Databricks Community

Muhammed · ‎11-21-2023

Hi Team,

While writing my data to datalake table I am getting 'filtering files for query', it would be stuck at writing

How can I resolve this issue

pgruetter · ‎11-21-2023

Can you give some more details? Are doing merge statements? How big are the tables?

For merge statements i.e. the process needs to read the target table to analyze which parquet files need to be rewritten. If you don't have proper partitioning or z-index, it could end up scanning all files even you only try to update a few rows.
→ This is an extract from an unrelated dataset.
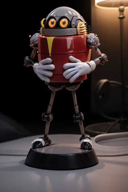 Eggrobo, robot, gray head, red shirt, jetpack, gray metallic limbs, holding gun, white gloves, black shoes with white straps

Did you try to optimize the tables already?

Muhammed · ‎11-21-2023

Thanks for quick reply,

I am using SSMS as my redacted table and it is using upsert as write mode, that table huge in size when I checked the SQL part in

Databricks ,it is reading every records to memory

Muhammed · ‎11-21-2023

Muhammed · ‎11-21-2023

@pgruetter
could you please check above?

kulkpd · ‎12-12-2023

@Muhammed describe <table_name> will give you idea about how your table is partitioned. Consider adding partition column condition in where clause for better performance.

pgruetter · ‎11-21-2023

Still hard to say, but it sounds like my assumption is correct. Because your upsert doesn't which records to update, it needs to scan everything. Make sure that it's properly partitioned, you have a z-index and execute an optimize table.

Muhammed · ‎11-22-2023

Hi Kaniz
I have one more issue , i am writing less than 1.2k records to the datalake table (append mode). While writing it is showing "determining dbio file fragments this would take some time', when i checked the log i see GC allocation failure .
and my overall execution time is 20 mins which is hard for me , how can i resolve this , ? is it mandatory to use Vaccum, Analyze queries along with Optimize
shall i run optimize datalake.table ?

Muhammed · ‎11-22-2023

Muhammed · ‎12-09-2023

@Retired_mod

We are using framework for data ingestion, hope this will not make any issues to the metadata of the datalake table ?, as per the framework metadata of the table is crucial , any changes happened to it will effect the system .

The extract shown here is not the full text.